Altair Robotics Lab, University of Verona, 37134, Verona, Italy.
ICube, University of Strasbourg, CNRS, 67000, Strasbourg, France.
Int J Comput Assist Radiol Surg. 2023 Sep;18(9):1665-1672. doi: 10.1007/s11548-023-02864-8. Epub 2023 Mar 22.

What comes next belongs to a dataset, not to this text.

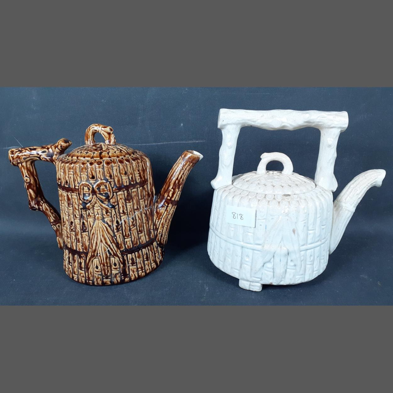 Two vintage teapots , treacle glazed BELFIELD of PRESTONPANS with repair to spout and a SCOTTISH POTTERY cream coloured pot with indistinct mark to the base
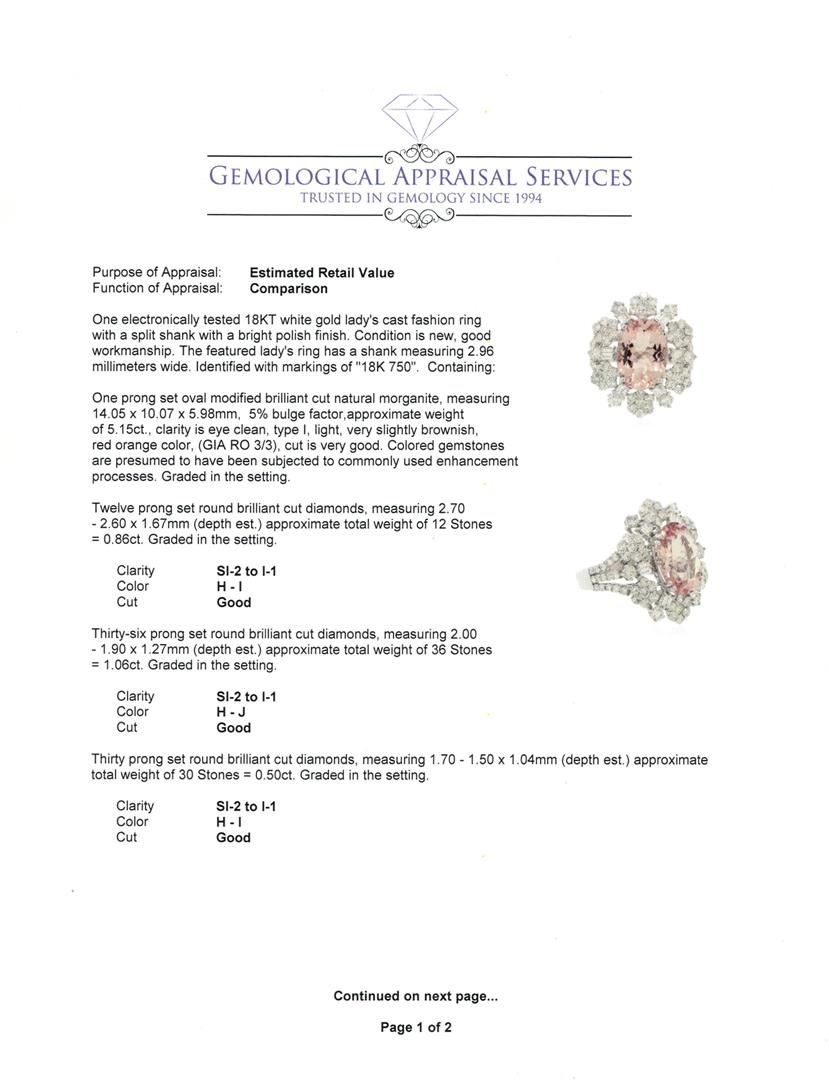 One electronically tested 18KT white gold lady's cast fashion ring with a split shank with a bright polish finish. The featured lady's ring has a shank measuring 2.96 millimeters wide. Identified with markings of "18K 750". Condition is new, good workmanship. Containing: One prong set oval modified brilliant cut natural morganite, measuring 14.05 x 10.07 x 5.98mm, 5% bulge factor, approximate weight of 5.15ct., clarity is eye clean, type I, light, very slightly brownish, red orange color, (GIA RO 3/3), cut is very good. Colored gemstones are presumed to have been subjected to commonly used enhancement processes. Graded in the setting. Twelve prong set round brilliant cut diamonds, measuring 2.70 - 2.60 x 1.67mm (depth est.) approximate total weight of 12 Stones = 0.86ct. Graded in the setting. Clarity: SI-2 to I-1. Color: H - I. Cut Good Thirty-Six prong set round brilliant cut diamonds, measuring 2.00 - 1.90 x 1.27mm (depth est.) approximate total weight of 36 Stones = 1.06ct. Graded in the setting. Clarity: SI-2 to I-1. Color: H - Good Thirty prong set round brilliant cut diamonds, measuring 1.70 - 1.50 x 1.04mm (depth est.) approximate total weight of 30 Stones = 0.50ct. Graded in the setting. Clarity: SI-2 to I-1. Color: H - I. Cut Good Twelve prong set baguette cut diamonds, measuring from 2.50 x 1.25 x 1.06mm (depth est.) to 2.60 x 1.35 x 1.15mm (depth est.) approximate total weight of 12 Stones = 0.40ct. Graded in the setting. Clarity: VS-2 to SI-1. Color: G - I. Cut Good. Total Weight of Colored Stones 5.15ct. Total Weight of Diamonds 2.82ct. Total Weight of Ring 8.10gm. GAS Appraised at $8,700.00.

Automatic recognition of surgical activities from intraoperative surgical videos is crucial for developing intelligent support systems for computer-assisted interventions. Current state-of-the-art recognition methods are based on deep learning where data augmentation has shown the potential to improve the generalization of these methods. This has spurred work on automated and simplified augmentation strategies for image classification and object detection on datasets of still images. Extending such augmentation methods to videos is not straightforward, as the temporal dimension needs to be considered. Furthermore, surgical videos pose additional challenges as they are composed of multiple, interconnected, and long-duration activities.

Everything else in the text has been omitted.